Settling of the structure. At this point, if the addition has finished settling, due to wood shrink on the floor joists, and 2x4's for the wall studs, I would just retape & mud. Could also have been a poor mud job, but it can be fixed.


----------



## mayhem69 (Aug 1, 2008)

gregzoll said:


> Settling of the structure. At this point, if the addition has finished settling, due to wood shrink on the floor joists, and 2x4's for the wall studs, I would just retape & mud. Could also have been a poor mud job, but it can be fixed.


 doesn't the tape have to be cut out?


----------



## Paulie (Nov 26, 2009)

You mentioned that it was 8 years ago the work was done. Has it just occurred? If you have a camera post some pictures. You mentioned water damage, what makes you think that? Pictures are huge when asking "why is this happening". Although to be honest it can only be a educated guess even with pictures. 

If you're tape is lifting then the bond between the paper and the wallboard is compromised. Yes, in repairs such as yours we pull the tape and redo.


----------



## redmanblackdog (Jan 7, 2011)

Since you already have ugly drywall everywhere, I would trying digging on a couple of seams and corners to see if someone used fibergalss tape. 

I have seen this happen before when fiberglass tape was used and the wrong mud was used over it.
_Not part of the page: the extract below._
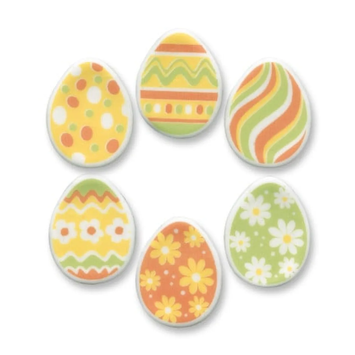 Deze leuke paaseieren schildjes zijn gemaakt van fondant en gekleurd in mooie kleuren. De eieren hebben 6 verschillende designs met de kleuren, groen, geel, oranje en wit. Perfect voor het decoreren van lekkernijen tijden de paasdagen.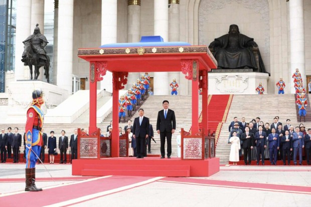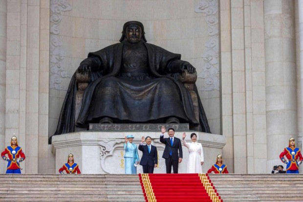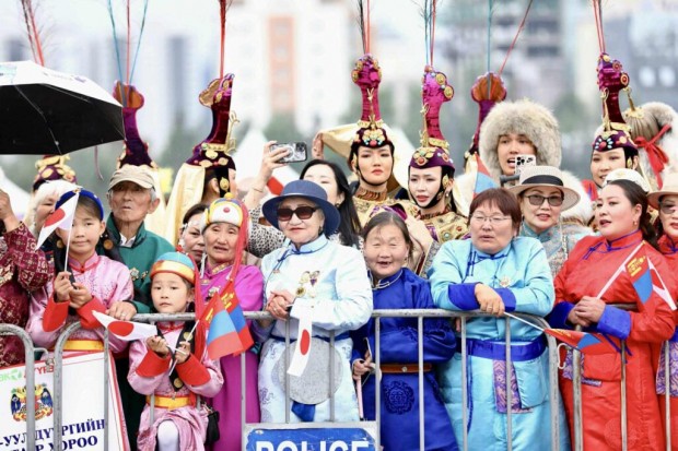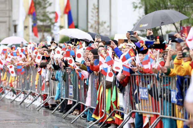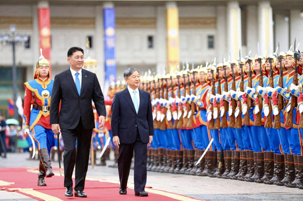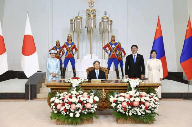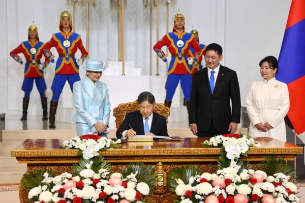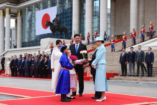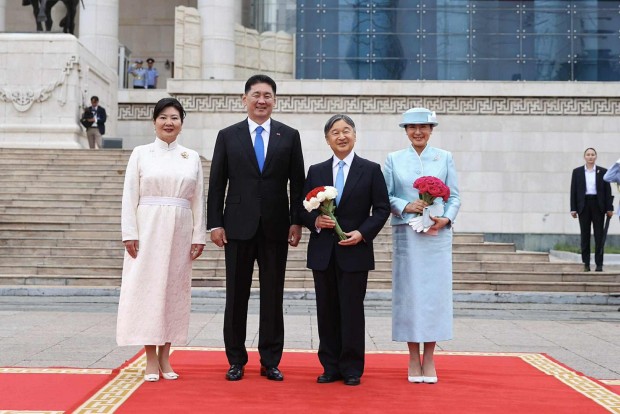 Монгол Улсын Ерөнхийлөгч Ухнаагийн Хүрэлсүх, гэргий Лувсандоржийн Болорцэцэгийн хамт Япон Улсын Цог Жавхлант Эзэн Хаан Нарүхито, Эрхэм дээд Хатан Масако нарыг Д.Сүхбаатарын талбайд албан ёсоор угтан авлаа.

Fiberglass tape is the meshed kind.

You can tape over it as long as all of the surfuce is solid, but the stickler comes in, if you have to match a texture. All loose material must be removed before taping a new coat. And that could mean tearing out existing tape.


----------



## mayhem69 (Aug 1, 2008)

no, it is not fiberglass tape, just paper. I thought fiberglass tape was better to use than the paper? It is not textured either. Are you saying i can just tape right over the cracks?


----------



## gregzoll (Dec 25, 2006)

Paper is the best. Fiberglass is best used when repairing Rocklathe & old Plaster Lathe.


----------



## redmanblackdog (Jan 7, 2011)

You can tape over it as long as there is not any loose paper or mud. Be sure and sand the painted surface to scuff it so the mud will stick better.

With that much cracking, in all those different places, I would be worried that something is moving to cause the extensive cracking, if it wasn't a bad tape job.

If you tape over it remember that the seams will be sticking out a little further, so you may need to split them with a 12" knife to get the hump to hide.

I would also be checking to see if the sheetrock is tight to the framing members. Maybe not enough fasteners were used, or not correctly set.


----------



## Sir MixAlot (Apr 4, 2008)

mayhem69 said:


> no, it is not fiberglass tape, just paper. I thought fiberglass tape was better touse than the paper? It is not textured either. Are you saying i can just tape right over the cracks?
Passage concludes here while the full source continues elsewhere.